* Data provided
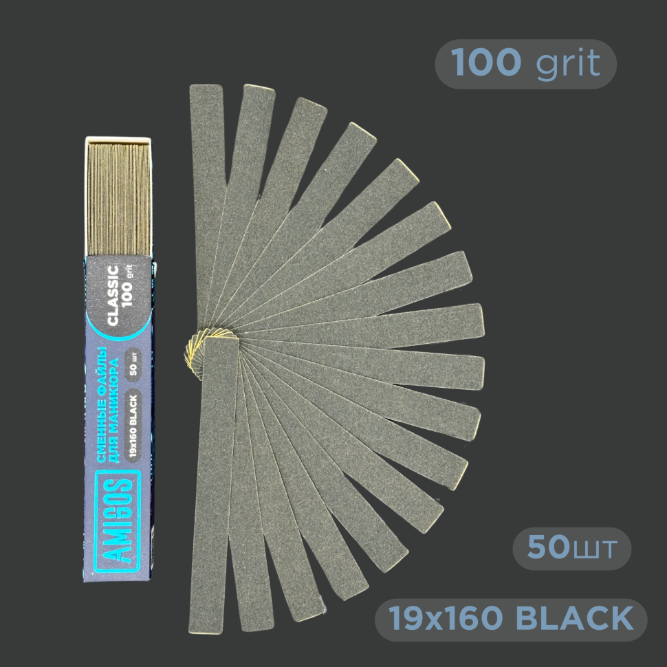 Сменные файлы AMIGOS Classic 19*160 мм 100 грит, black 50 шт
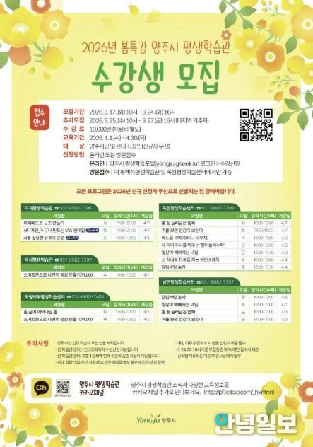 수강 신청은 오는 3월 24일 16시까지 가능하며, ‘양주시 평생학습포털’을 통한 온라인 신청 또는 덕계·백석 평생학습관 및 옥정 평생학습센터 방문 접수로 가능하다.
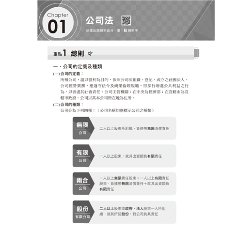從歷屆考題可看出各項重點基本配分上十分平均,但要如何抓到重點?再來,財務分析單元,雖然考題不易出現偏重會計學的計算題,只考觀念題,但要如何建立正確的觀念?本書便是將所有法規、會計及財務分析等所有重要的考試觀念去蕪存菁,幫助你用最快的速度、條理化的記憶模式來掌握分數。除了詳盡的課文內容,編者也特別抓出常考重點,可於考前快速複習時搭配使用。
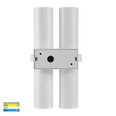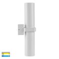 The HV10392T is the Havit Luz double up & down wall pillar light, a modern, architectural outdoor fixture made of white powder-coated aluminium.
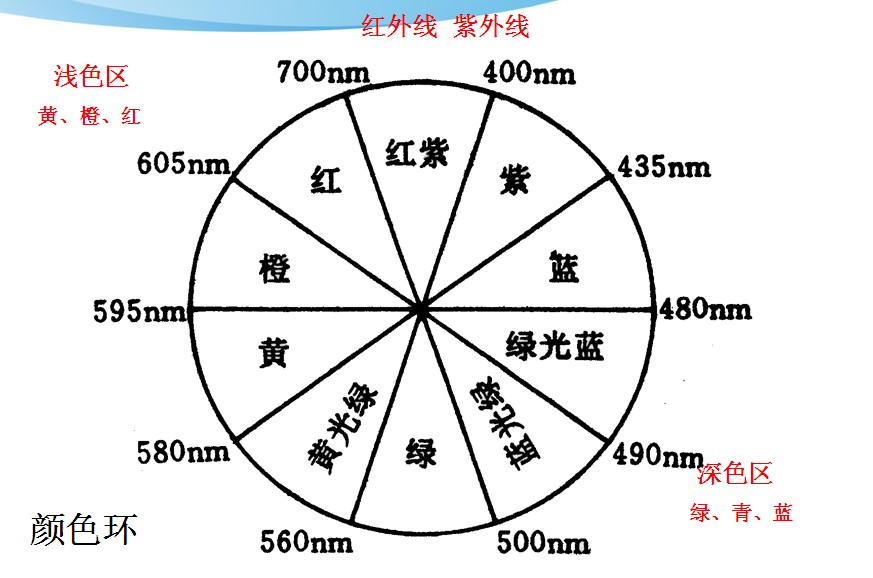 所謂物體的顏色就是對可見光選擇吸收的結(jié)果。不過我們感覺到的顏色,不是吸收光波長的光譜色,是反射光的顏色,反射光的光譜色,是反射光作用于人眼視覺而造成的。就是被吸收光的補色。
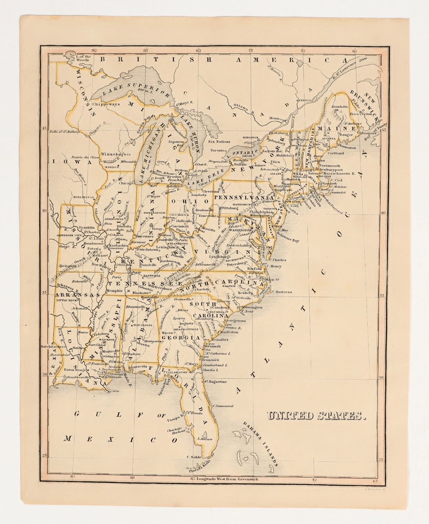 1843 map by GW Boynton, published in Boston. Shows the eastern and southern US from Iowa eastward. Just before the Gold Rush. 11.5 x 9" Boynton engraved maps for various publishers incl. Thomas Bradford, Nathaniel Dearborn, Daniel Adams & SG Goodrich.
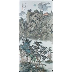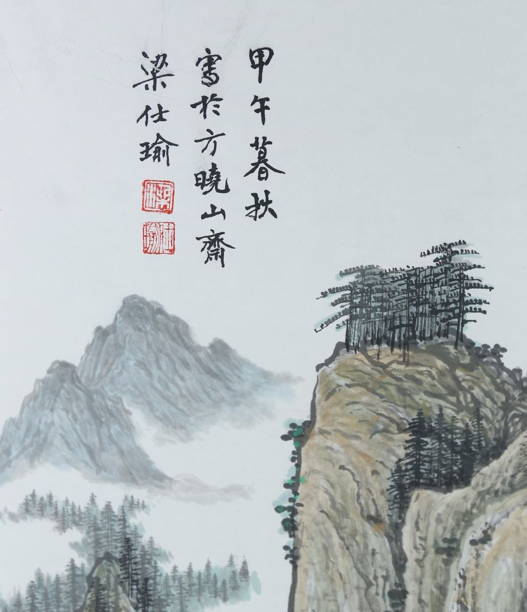 Mountains and forests; Chinese ink and watercolour on paper; signed Liang Shiyu and inscribed with two artist seal; 124 cm x 60 cm
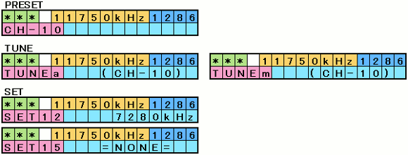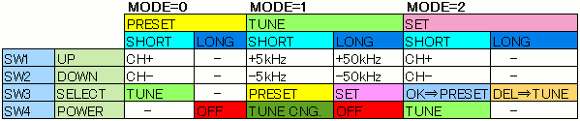 | 初期プリセットとしてCH00に12130kHzが設定されています。これはプリセットの設定、削除のソフト処理を簡略化するためのもので変更することは出来ません。同調の自動制御については正確にプログラムしていますが、局発の周波数制御については選局時順次学習するのであらかじめ組み込んでいるソフト処理部分はかなりラフになっています。後述する「AUTO SCAN」を使って最初にある程度調整するほうが良いと思います。 | |
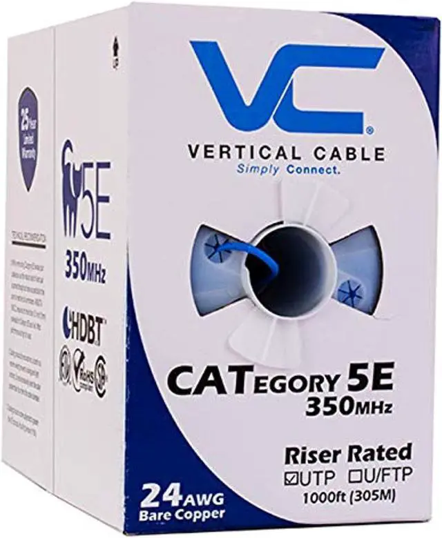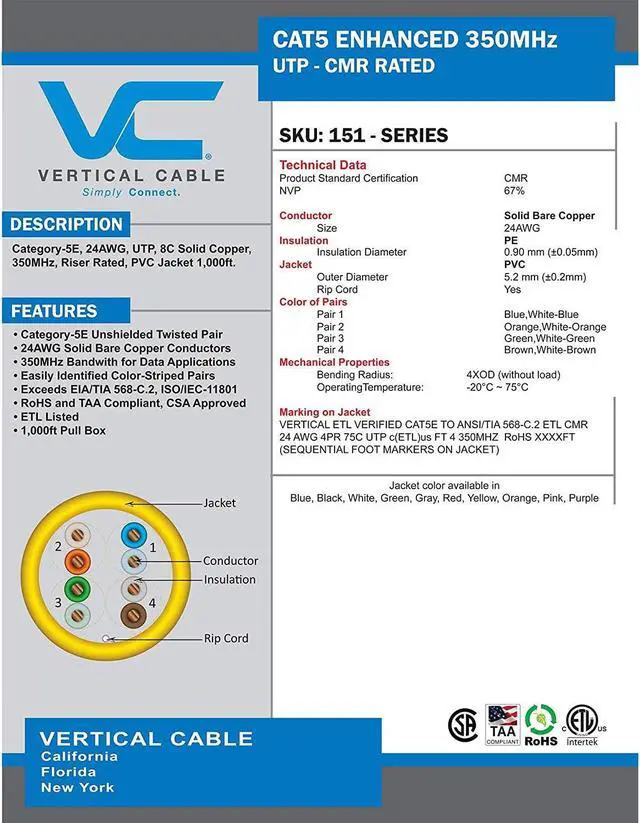 This Cat 5e unshielded twisted pair ( utp ) cable is a high performance data communication cable suitable for 350mhz high speed applications. It has excellent attenuation and crosstalk characteristics and exceeds TIA/EIA-568-C.2 specification.This ethernet cable is designed for indoor and riser network installations and is approved by ETL to be type CMR. The wires are 24 awg in size and are made of solid bare copper conductors. All 4 pairs are easily identified by color stripes. The insulation material is PE and the jacket is made of PVC. This cable is supplied in 1000 ft pull box and sequential length markings are printed on the jacket. Brand for this product is Vertical Cable.
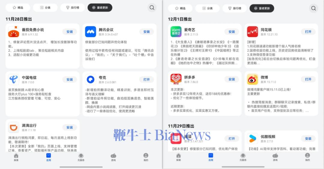 系统版本更新先不说,光是应用市场里的各个应用,一个个就跟打了鸡血似的 —— 点开应用市场里重磅更新这个版块就会看到,每天基本都有三到四个头部应用提交更新。
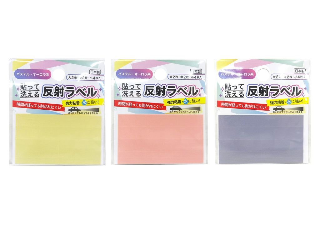 材質:反射材:ガラスビーズ、ラベル:ポリエステル 100%、粘着剤:アクリル系粘着剤
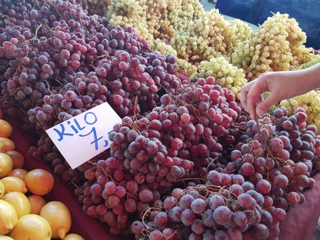 ANTALYA, TURKEY: Grapes on sale in a street market. Grocery traditional Turkish bazaar in Antalya, Turkey.
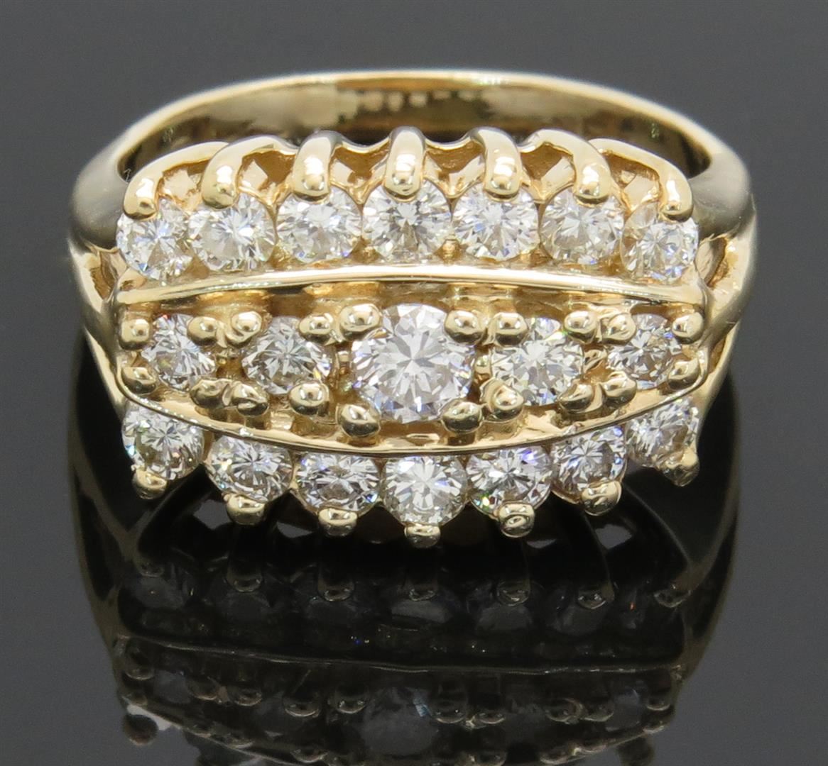 One tested 14K yellow gold diamond ring. Containing: 19 Round Brilliant Cut Diamonds. Approximate total diamond weight: .75CTW. Diamonds are graded in the mounting, unless otherwise stated. Weight: 4.9 grams, Size: 4.5.

* Work to be completed
Only lines belong in the copy: transcribe those from the start of the data through the line that contains "SCAN」を使って最初にある程度調整するほうが良いと思います。 | |", and skip the pictures.

* Task output
 Сменные файлы AMIGOS Classic 19*160 мм 100 грит, black 50 шт
 수강 신청은 오는 3월 24일 16시까지 가능하며, ‘양주시 평생학습포털’을 통한 온라인 신청 또는 덕계·백석 평생학습관 및 옥정 평생학습센터 방문 접수로 가능하다.
從歷屆考題可看出各項重點基本配分上十分平均,但要如何抓到重點?再來,財務分析單元,雖然考題不易出現偏重會計學的計算題,只考觀念題,但要如何建立正確的觀念?本書便是將所有法規、會計及財務分析等所有重要的考試觀念去蕪存菁,幫助你用最快的速度、條理化的記憶模式來掌握分數。除了詳盡的課文內容,編者也特別抓出常考重點,可於考前快速複習時搭配使用。
 The HV10392T is the Havit Luz double up & down wall pillar light, a modern, architectural outdoor fixture made of white powder-coated aluminium.
 所謂物體的顏色就是對可見光選擇吸收的結(jié)果。不過我們感覺到的顏色,不是吸收光波長的光譜色,是反射光的顏色,反射光的光譜色,是反射光作用于人眼視覺而造成的。就是被吸收光的補色。
 1843 map by GW Boynton, published in Boston. Shows the eastern and southern US from Iowa eastward. Just before the Gold Rush. 11.5 x 9" Boynton engraved maps for various publishers incl. Thomas Bradford, Nathaniel Dearborn, Daniel Adams & SG Goodrich.
 Mountains and forests; Chinese ink and watercolour on paper; signed Liang Shiyu and inscribed with two artist seal; 124 cm x 60 cm
 | 初期プリセットとしてCH00に12130kHzが設定されています。これはプリセットの設定、削除のソフト処理を簡略化するためのもので変更することは出来ません。同調の自動制御については正確にプログラムしていますが、局発の周波数制御については選局時順次学習するのであらかじめ組み込んでいるソフト処理部分はかなりラフになっています。後述する「AUTO SCAN」を使って最初にある程度調整するほうが良いと思います。 | |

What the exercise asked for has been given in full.